You’ll need 4 burners if you choose to cook all of the components of the dish simultaneously, but the cooking time of each is less than 30 minutes and including prep time, the dish really only takes ~ 1 hour in the end….not too daunting.
Though the spicy tomato sauce is optional, I wouldn’t omit it. This mix of tomatoes, hot chilies, cumin and vinegar for extra zip adds a very bright element to the cinnamon-spiced rice dish. Do watch the salt level….I used far less than the recipe calls for and it was still a little too much.
Salt level is also an issue for me with the kosheri: the cooked rice/vermicelli is very salty, but gets mixed with lentils and onions that have been cooked without salt.

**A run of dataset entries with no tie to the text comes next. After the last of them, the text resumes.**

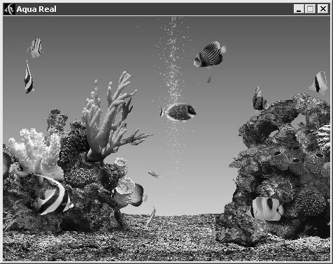 После установки программы ее подменю появится в составе меню Пуск?Все программы; кроме этого, на рабочий стол будет установлено два ярлыка. Один ярлык (его название по умолчанию – Aqua Real) предназначен для запуска экранной заставки в полноэкранном режиме – содержимое рабочего стола при этом будет недоступно (в таком режиме обычно работают хранители экранов). Второй ярлык (его название по умолчанию – Aqua Real Active Desktop) предназначен для запуска программы в режиме фонового изображения рабочего стола – в данном случае будет доступно все содержимое рабочего стола (значки, ярлыки и т. п.), и можно работать с системой в обычном порядке.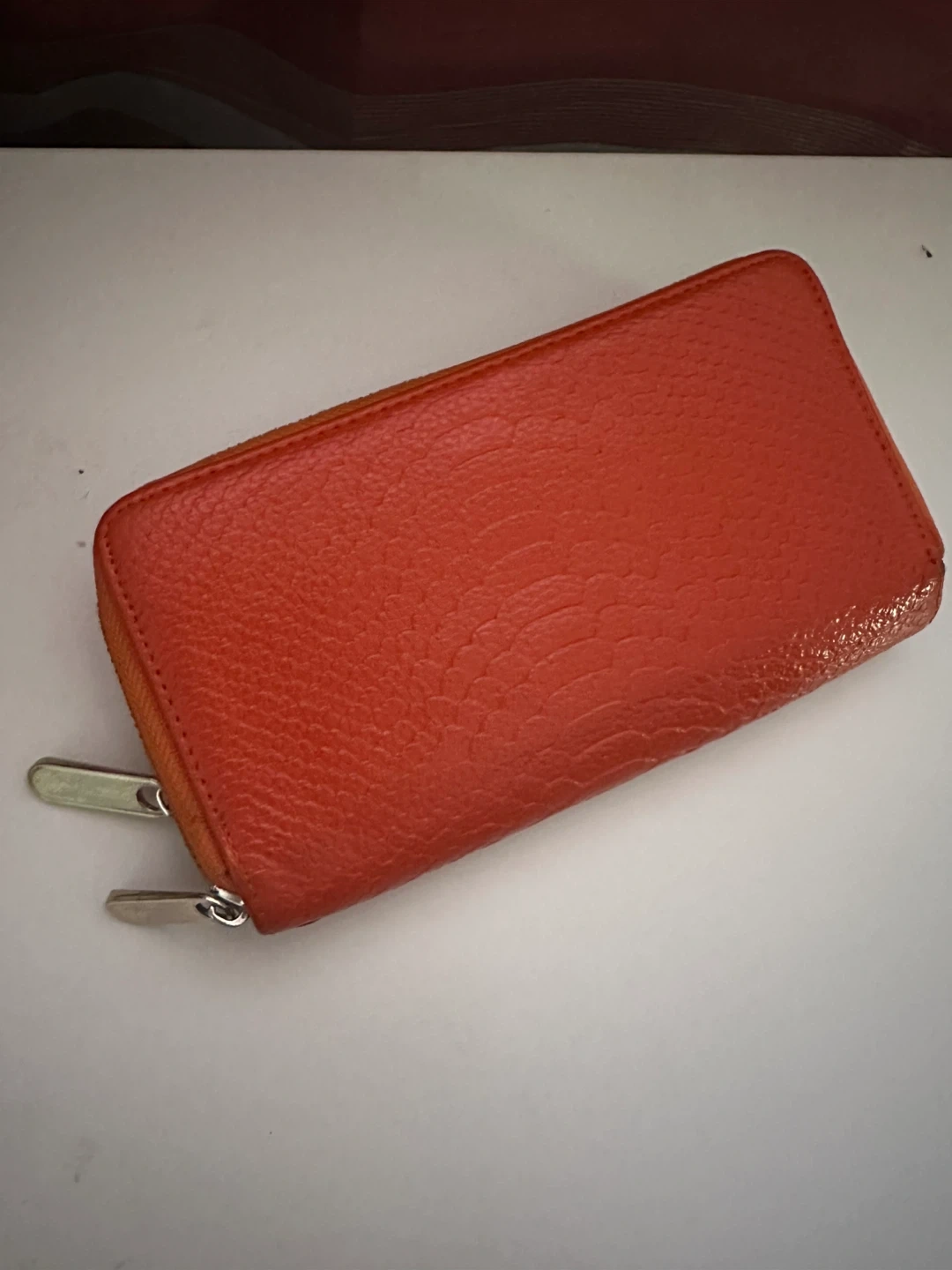 1000+Selling an orange zip-around wallet. It has a textured exterior and a zip closure. Inside, there are multiple compartments for cards and cash. Perfect for keeping your essentials organized! Pay by cash please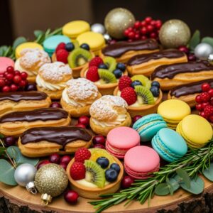 Add cream puffs, mini eclairs, fruit tarts, macarons, and croissants.

Though the dish is nicely seasoned in the end, I would have preferred less concentration of salt in the rice.
Apart from my little issue with seasoning, the dish turned out very well. The recipe says it serves 4, I thought it should be 6 when I saw the finished amount, but it's so good, it's almost addictive. It ended up serving only 4 as a main in the end.
Definitely something I will be making again.